If the defendant violates these conditions, the court can revoke supervised release and send the defendant back to prison. This revocation:
- is not a new criminal case;
- is considered part of the penalty for the original conviction;
- does not require proof beyond a reasonable doubt or a jury trial; and
- is governed by 18 U.S.C. § 3583 and Federal Rule of Criminal Procedure 32.1.
The same conduct (e.g., a robbery) can both:
- serve as a basis for revocation; and
- be prosecuted as a new federal or state crime.
3. “In Connection With Such Charges” in § 3161(b)
The phrase “in connection with such charges” means:
- There must be a direct relationship between the arrest and the specific federal criminal charges in the eventual indictment or information.
Simply being arrested for something factually related (like a revocation based on the same conduct) is not enough. Courts look to:
- whether there is a federal complaint or indictment already filed, and
- whether the arrest is to bring the person before the court on those charges.
4. The “Ruse Exception” Explained
The ruse exception addresses a potential abuse: Suppose authorities use a civil or non‑criminal process (like immigration detention) solely to hold someone while they prepare a criminal case, avoiding Speedy Trial Act timelines. The ruse exception allows the court to treat that detention as if it were a criminal arrest for Speedy Trial Act purposes, but only if:
- the primary or exclusive purpose of the civil detention is to hold the person for future criminal prosecution; and
- there is evidence of wrongful collusion between agencies.
If there is any clear, independent, lawful reason for the detention (e.g., a valid immigration removal case, or—here—an admitted supervised release violation), the ruse exception usually does not apply.
V. Conclusion
United States v.
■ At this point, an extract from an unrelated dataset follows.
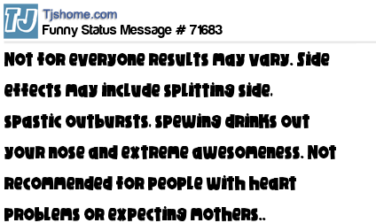 X is not for everyone results may vary. Side effects may include splitting side, spastic outbursts, spewing drinks out your nose and extreme awesomeness. Not recommended for people with heart problems or expecting mothers..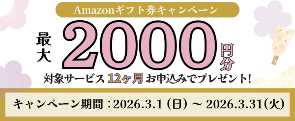 →上記サービスを契約期間12ヶ月間でご契約いただくと、Amazonギフト券2,000円分をプレゼント!

Roper represents a careful, text‑driven and precedent‑aligned application of the Speedy Trial Act to a familiar but legally nuanced situation: a defendant arrested and imprisoned for supervised release violations later faces substantive federal charges based on the same underlying conduct.
The Tenth Circuit’s key takeaways are:
- Supervised release revocation arrests do not trigger § 3161(b). An arrest for violating supervised release is not an arrest “in connection with” the “offense” later charged in an indictment. Revocation is part of the original sentence, not a new criminal prosecution.
- The 30‑day indictment clock starts only when there is a federal criminal complaint or indictment and custody “for the purpose of responding to” those criminal charges. Bagster’s “pending complaint + custody on that complaint” test remains the operative benchmark.
- Revocation petitions are not criminal charging instruments. They cannot substitute for an indictment, information, or complaint under the Speedy Trial Act, even when they allege specific new crimes.
- The ruse exception is narrow and rarely applicable. When there is a legitimate, uncontested basis for a civil or revocation detention—as with Roper’s drug‑use violation—the exception is foreclosed.
- Any perceived gap in protection is a matter for Congress, not the courts. The panel acknowledges that existing doctrine allows the government some latitude to use revocation proceedings without triggering Speedy Trial Act protections, but it emphasizes that this result flows from established statutory and Supreme Court precedent.
Though non‑precedential, Roper provides a clear and persuasive articulation of how the Speedy Trial Act interacts with supervised release revocations and the ruse exception. It reaffirms a strong conceptual boundary between post‑judgment supervision proceedings and new criminal prosecutions, and it signals to both prosecutors and defense counsel that the 30‑day indictment rule will not be extended to revocation‑based arrests absent a clear, formal, and direct connection to pending federal criminal charges.